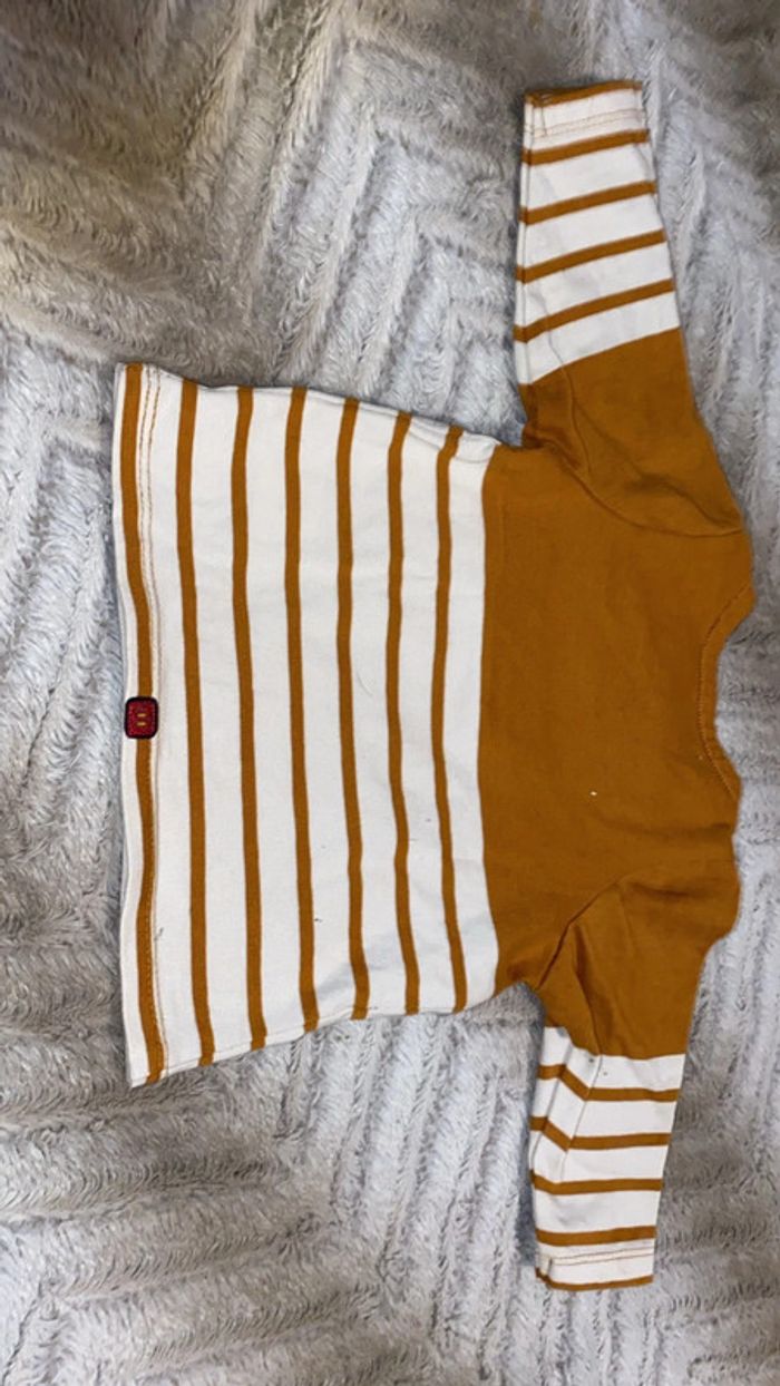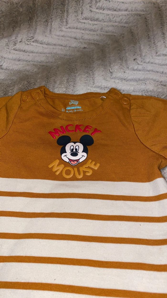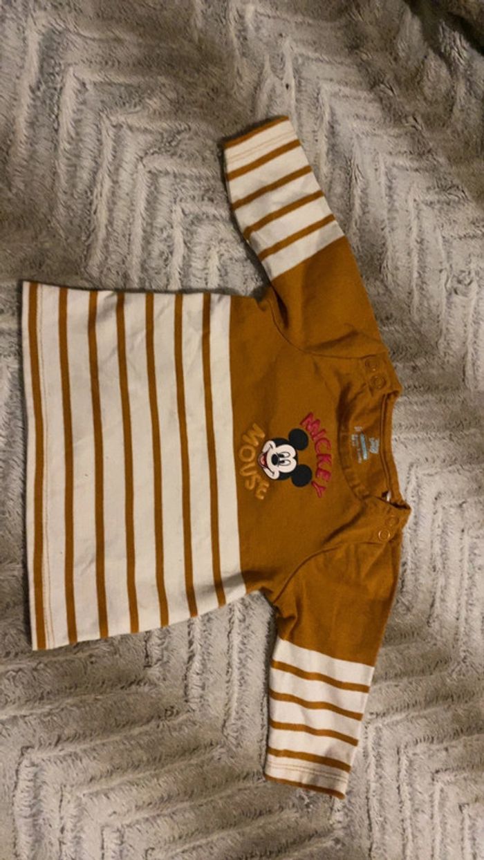#lafolie62_3moisgarçon Jolie tee shirt manche longue Mickey marron rayé beige tous doux confort #3mois #3moisgarcon #mickeymouse #mickeymousedisney #mickey
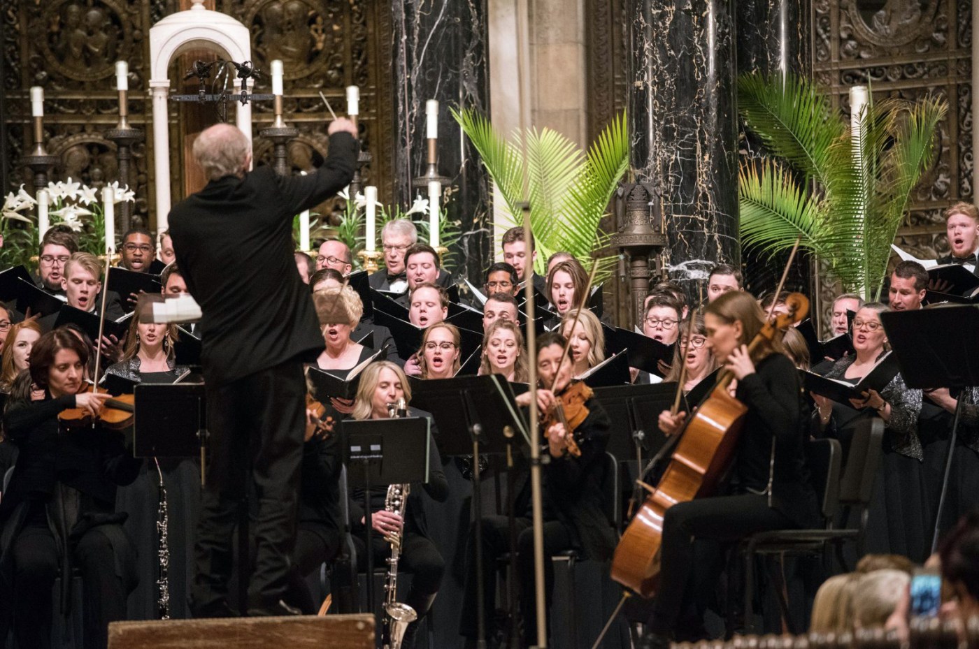 The English choral music legend joined the VocalEssence Chorus and Ensemble Singers, along with a chamber orchestra and soloists Audrey Lane-Getaz and G. Phillip Shoultz III, for an afternoon of reverberating voices inside the cathedral’s stone walls. The sold-out performance followed a sing-along event the previous day with the British composer/conductor at Plymouth Congregational Church in Minneapolis.
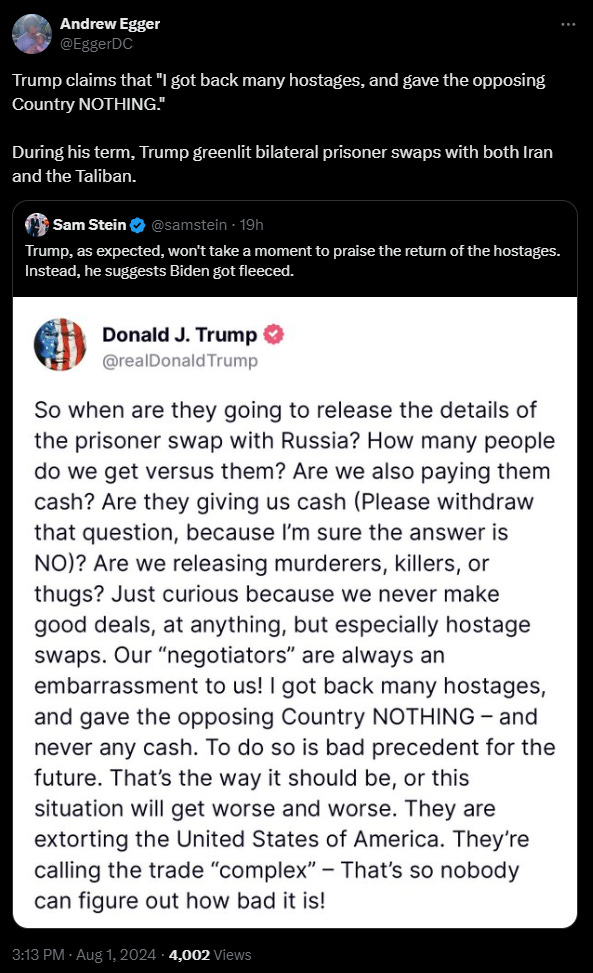 Trump likely assumed he was going to tail out of July with a big fundraising advantage over Joe Biden. But Biden’s candidacy is no more and that fundraising advantage is now a severe deficit. The former president announced his campaign and authorized committees raised $138.7 million in the month of July. By contrast, Kamala Harris announced this morning that her campaign had raised an eye-popping $310 million. Maybe the crazier stat: more than two million Harris donors were making their first donation of the cycle this month.

══════════════════════════════

● ASSIGNMENT
Keep the pictures out of your answer, which should be the lines from the one with "The English choral" through the final line of the data, copied exactly.

● ANSWER TO THIS PROBLEM
 The English choral music legend joined the VocalEssence Chorus and Ensemble Singers, along with a chamber orchestra and soloists Audrey Lane-Getaz and G. Phillip Shoultz III, for an afternoon of reverberating voices inside the cathedral’s stone walls. The sold-out performance followed a sing-along event the previous day with the British composer/conductor at Plymouth Congregational Church in Minneapolis.
 Trump likely assumed he was going to tail out of July with a big fundraising advantage over Joe Biden. But Biden’s candidacy is no more and that fundraising advantage is now a severe deficit. The former president announced his campaign and authorized committees raised $138.7 million in the month of July. By contrast, Kamala Harris announced this morning that her campaign had raised an eye-popping $310 million. Maybe the crazier stat: more than two million Harris donors were making their first donation of the cycle this month.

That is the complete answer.